At another town some kilometers later, huge crowds were again pouring on the roads. This time there were no paramilitary persons around. It turned out that they were just regular citizens out to visit the mosque on Friday. It had to be a Friday when we would be crossing Srinagar. We passed carefully. We had travelled for over a 100 kms now without stopping. A break was definitely needed. My head was snoozing. But we thought of crossing the Valley first. The Valley wasnt going to get over so soon. We had to travel another good 50 kms and we were still int he Valley but now we simply had to stop.
Tea and namakpaare provided some wake up call. Jawahar Tunnel was now 30 kms away. So the hills were close by. I dont recall having travelled so much distance without stopping. While ascending to the Tunnel, we reached a signpost, "Titanic View of the Kashmir Valley". I did not stop as I was anxious to enter the much adoed Jawahar Tunnel. Doley did for a few pictures. We all lined up just before the Tunnel. Unlike the one near Kullu, this one is 2.5 kms straight-lined. We entered together. Loud hoots could be heard as we let our lungs speak out inside the tunnel. So did our Bullets. We revved them high. The effect of the thump you get inside a tunnel is symphonic.
We thought we had crossed the worst. We thought it would be a smooth sail from here on and we would reach Patnitop easily, our designated target of the day, as per plan. As we neared Ramban, traffic grew dense. The huge onslaught of Amarnath Yatris was increasing. 6 kms before Ramban and we had to stop. There was a long queue of vehicles ahead. Trucks, buses, cabs all filled with Yatris. Seeing our Longbow flags, many yelled at us, "Jai Bhole". They thought we were coming from the Yatra. We were asked frequently in the jam about our source. We proudly replied, "Ladakh". The jam seemed to be heading nowhere. It was time to take advantage of our two-wheelers and break the queue. We crawled ahead slowly. Inserting our bikes into the smallest of gaps. The whole of Ramban was crossed this way. But the queue was still not ending. By now, it had got hot too contributed mostly by the exhausts of all the vehicles. How some of us were still riding with theur jackets, I dare not think. Finally, after 5 more painful kilometers, there came a gap. Relieved, we revved up our bikes, only to stop 2 kms later at another tail-end. The going was to be this way for the entire day.
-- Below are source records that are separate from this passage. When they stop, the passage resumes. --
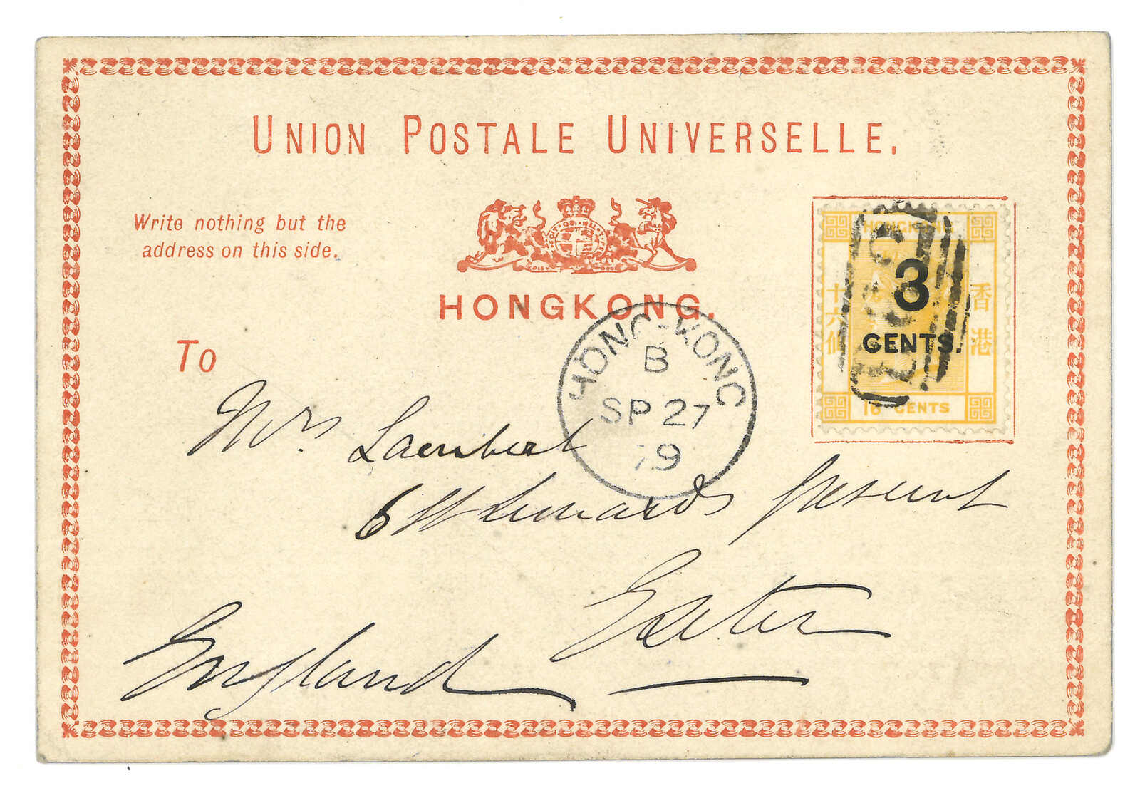 1879年香港明信片貼維多利亞女皇像3仙蓋5仙蓋18仙(楊目P3),未使用,品相上佳。香港郵資片之一大名譽品。目錄價55000元。(Image 1)
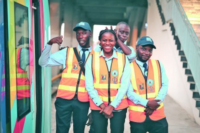 6月12日,在尼日利亞拉各斯,拉各斯輕軌藍(lán)線項(xiàng)目動(dòng)車組列車司機(jī)組長伊莎貝拉·亞當(dāng)斯·伊斯拉埃爾(中)與同事在站臺上合影。新華社發(fā)
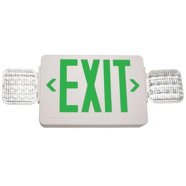 Dual Voltage Combination Exit Sign And Light (2) LED White Housing Green Letter Exitronix
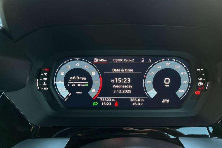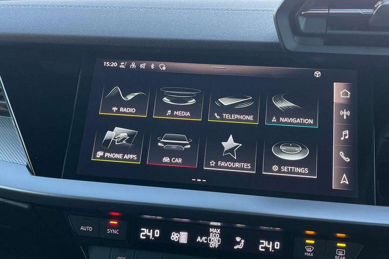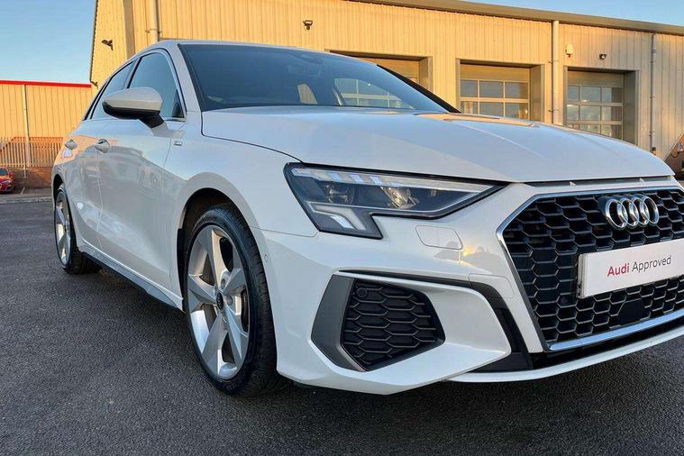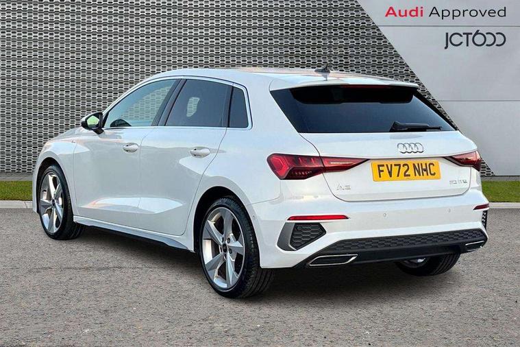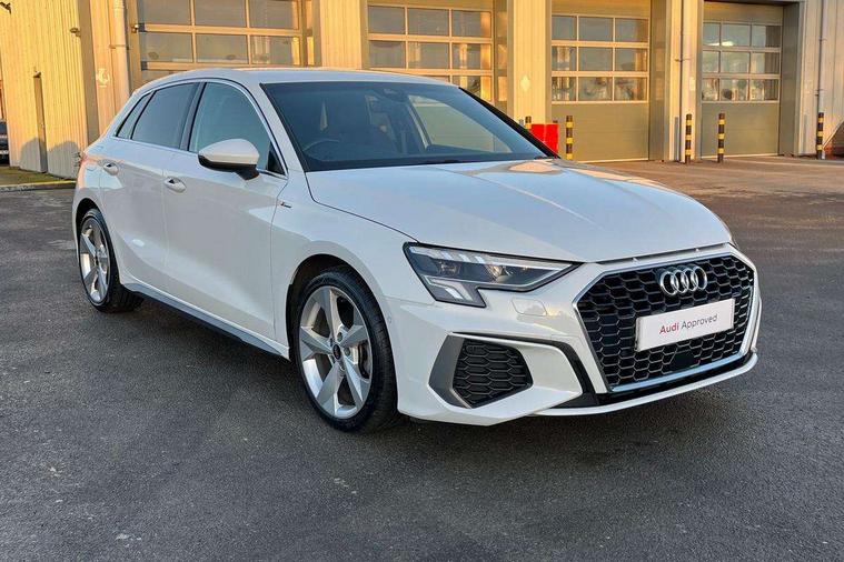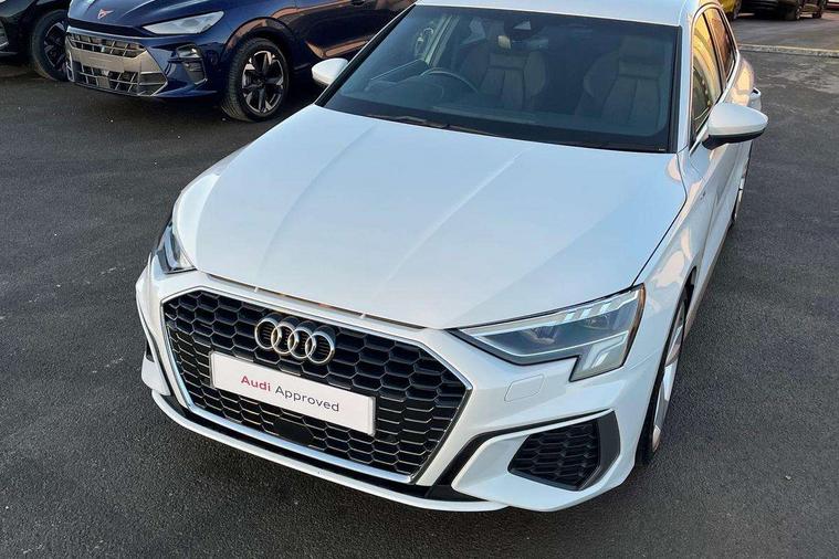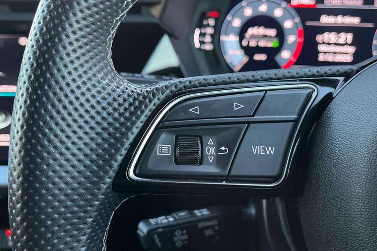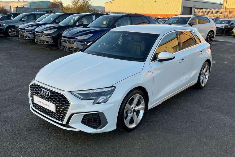 Audi drive select (Auto, Comfort, Dynamic and Individual), Audi smartphone interface, Audi Virtual Cockpit - 10.25" digital and colour instrument cluster, Automatic start/stop system with recuperation, Bluetooth interface, Collision avoidance assistant, Cruise control, e-Call (emergency call), Electromechanical power speed sensitive steering, Lane departure warning system, MMI Navigation Plus with high resolution 10.1" colour touch screen display, Rear parking sensors, Service indicator, Trip computer, Voice control system with natural language interaction, 2xUSB-C connection with data and charging functions, 6 passive loudspeakers, DAB Digital radio, 3rd brake light, Acoustic glass windscreen, Aluminium window trim, Auto dimming frameless rear view mirror, Electrically adjustable/heated/folding/auto dimming door mirrors with integrated LED indications + kerb view function for passenger side, Front electric windows, Illuminated aluminium inserts front door sills with S logo, LED daytime running lights, LED headlights with LED rear lights and dynamic rear indicators, Light and rain sensors, Privacy glass - dark tinted rear window, rear door and side windows, Rear electric windows, Rear side air outlets in grained matt black, Rear side wing doors, Rear wiper, S line bumpers, S roof spoiler, 12V socket and storage compartment in front centre console, 3 seat bench in 2nd row, 40/20/40 split folding rear seat bench with cupholder, Black cloth headlining, Dual zone electronic climate control, Front and rear centre armrest in leather, Front and rear headrests, Front/rear floor mats, Height and reach adjustable steering wheel, Illuminated vanity mirror, Interior lighting - glove compartment light and right hand side, Luggage compartment floor covering, Manual boot compartment lid, Manually adjustable front seats, Seat side bolsters, Single front passenger seat, Stainless steel pedals and front footrest in black, Twin leather upholstery with front sports seats S embossed logo, Aluminium interior elements pack - A3 Sportback, LED interior lighting pack - A3 Sportback, S line styling pack - A3 Sportback, 3x3 point rear seat belts, Audi pre sense front, Driver and front passenger airbag with passenger airbag deactivation, Electronic Stabilisation Control (ESC) including ABS, ASR and EDL, First aid kit with warning triangle and 2 safety vests, Front side airbags with head airbags and interaction airbag, Pre-sense front with pedestrian and cyclist detection, Seatbelt monitoring, Tyre pressure loss indicator, Anti theft alarm, Anti-theft wheel bolts, Electronically operated child lock, Immobiliser, Remote control central locking, Accent surfaces in the dashboard and centre console in platinum grey silk effect paint finish, Dark spectrum aluminium inlays,

We stopped at Peerha, just before Batote for a meal. My parents had told me a lot about the Rajma-Chawal served here. They were absolutely right. The dish is served and then topped up with scoops of ghee. Pomegranate chutney is served on the side. The taste is unparallel. Finishing one plate is a mountaineous task, but we managed to do so. And then had some more. This place is worth a visit only for that meal. It was dark now. The riding was getting too painful. The headlights of oncoming vehicles was increasing the risk. We had to stop for the night and then start early the next day. We chose a hotel at Batote. It was like a dorm. Seven beds lined up with one attached bathroom. The next morning would be a busy one. Taking advantage of the tourist season, the owner charged us Rs 1000. Time came for another round of Chinar. Only few participants.